Председатель Автоном сидел за столом бритый, в белой зефировой рубашке и при «гаврилке» — галстуке с навечно завязанным узлом. Есть такие лица у блондинов, которые как бы всегда загорелые, как бы только с юга — зимой и летом малость подкопченные по румянцу. Лицо у Автонома мускулистое, продолговатое, на лбу, с детства сморщенном, челочка несерьезная, волосики желтые. И вся голова подстрижена коротко, высоко, под полный «бокс». На шее загар еще больше, и не загар уже, а как бы вековая патина, будто на статуе уличной. Правый глаз постоянно прищурен, взгляд вследствие этого подозрительный, веко над глазом иногда подергивается. На председателе синие комсоставские галифе, сапоги тонкого хрома, единственные такие в деревне. Даже уполномоченный Супонькин обут в брезентовые, защитного цвета сапожки с разлохмаченными протертостями там, где одна нога другой при ходьбе касается.
Если председатель Голубев Автоном представлял собой тип разухабистого, к тому же помеченного войной, открытого русского мужика, любившего прихвастнуть, приударить за женщиной, а в прежние, допредседательские, времена схватиться в драчке у сельпо или в престольный праздник повести мужское население деревни на соседнюю Гусиху, чтобы там бой трескучий, с проломами костей, учинить, а после самому же и улаживать неприятности при помощи тяжелого послепраздничного толковища в доме раненого, то молчаливый, подозрительный Супонькин, наделенный не властью, а как бы ее видимостью и если не огнестрельным оружием, то, во всяком случае, футляром из-под него, кобурой кирзовой, шершавой, внутри которой поди узнай что в действительности содержится, — тонкогубый этот Супонькин был мрачен, высокомерен, сидел, жуя подаваемое брезгливо, но беспрерывно жуя.
Одет он был в теплый шерстяной китель и, что удивительно, за все время сидения в гостях у Таракановой не снял с головы плоской военной фуражки с розовым, полинялым околышем. Иногда он как бы в забытьи подносил руку к козырьку, поднимал над лысиной фураньку, но, передумав, опускал на прежнее место.

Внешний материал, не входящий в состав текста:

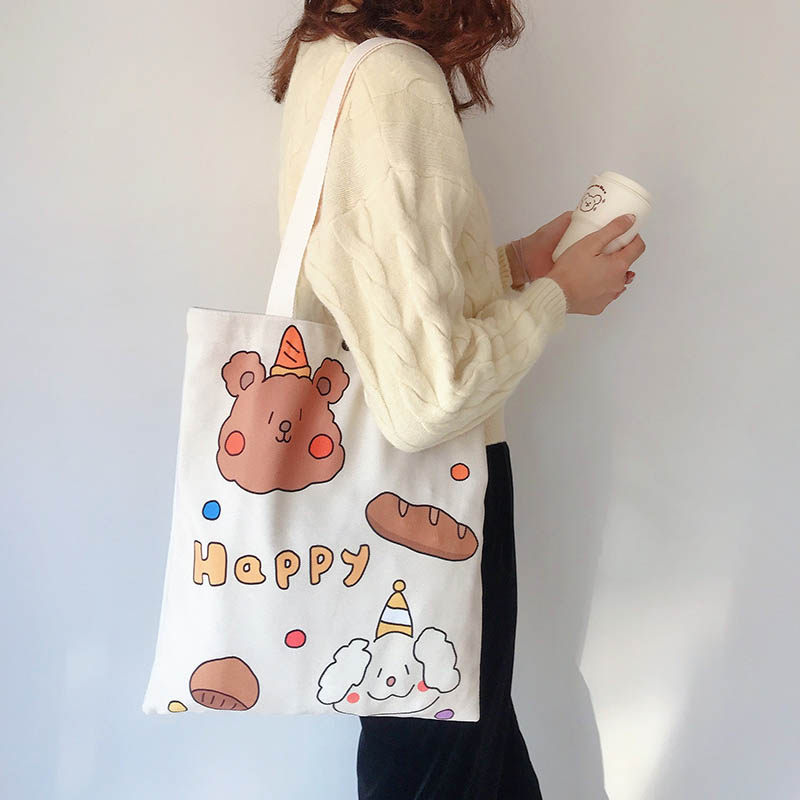 Small Japanese Bear Bread Canvas Bag Single side pattern

Лицо у Супонькина было круглое, мелковатое, нос маленький, брезгливый. Чертам его не хватало жесткости, мужественности, и Супонькин восполнял эти штрихи, наливая свой серенький каменный взгляд беспричинной ненавистью ко всем и каждому. Пьянел он в ноги, то есть лицо оставалось железобетонным, безразличным, взгляд все таким же ненавистным, язык молчаливым. Зато уж ноги наливались свинцом, мертвечиной. И если к концу гулянья Супонькин с независимым видом подымался с табуретки, то тут же и падал: ноги его подкашивались, как подломленные; все так же молча и независимо глядя на окружающих, валился он головой вперед, на лету засыпая мертвым сном.
Хозяйка дома — Олимпиада Тараканова — сидела у стола спиной к светлому окошку, заслоняла солнечные лучи, прятала в тени свое некстати полневшее красивое «барское» лицо и тело, куталась в шаль оренбургскую белую, как в небесное облако.
И председателя, и Супонькина усадила Олимпиада напротив себя. А возле нее, склоняясь ветхой бороденкой то к столу, то к коленям хозяйки, раскачивался бывший «заводчик» Бутылкин Яков Иванович, подаривший Олимпиаде еще в военные годы колечко не простое — золотое, с глазком бирюзовым. Тараканова не гнала старика Бутылкина от себя. Сережек бирюзовых дожидалась. Чтобы, так сказать, полный комплект составился. А старик медлил, тянул с этим делом… Словно чуял разлуку с мадамой неминучую, которая после выдачи сережек неотвратимо наступить могла.
В избе у Таракановых не было маленьких детей. И домашних животных, в смысле кошек и собак, не наблюдалось. Все здесь было сугубо взрослым. Как фильм, на который до шестнадцати лет не пропускали. Других женщин, кроме хозяйки и ее дочки, тоже не водилось. В углу комнаты, где у хозяйки был отзанавешен от посторонних глаз большой кованый сундук с добром, сидел и сидя спал кто-то незримый: из-под занавески высовывался только один кирзовый сапог. Характерно, что сморившегося гостя не положили, скажем, на широкую, никелированную хозяйкину кровать, а усадили на сундук сиднем. Умеешь пить — умей, мол, и спать в любом положении.
Учитель поздоровался, сняв на мгновение синие очки, и сделал нечаянно широкий жест рукой, державшей те самые очки. Получилось довольно развязно, нехарактерно для учителя. Но в то же время жест этот многие сочли добродушным, объявляющим, что-де местный интеллигент не прочь повеселиться со всеми наравне. И это явилось упущением Павлушиного отца. Потому что Бутылкин Яков Иванович сразу и по плечу учителя хлопнул своей рукой, вымазанной в селедке. А Супонькин фураньку приподнял, показав новому гостю как нечто сокровенное свою бледную лысину.
— С победой тебя, Ляксеич! — полез целоваться дедуля Яков Иванович, но Голубев Автоном поспешно старика за подол рубахи перехватил, осаживать начал, как коня.
— С праздником вас… — Учитель прихлопнул глаза очками.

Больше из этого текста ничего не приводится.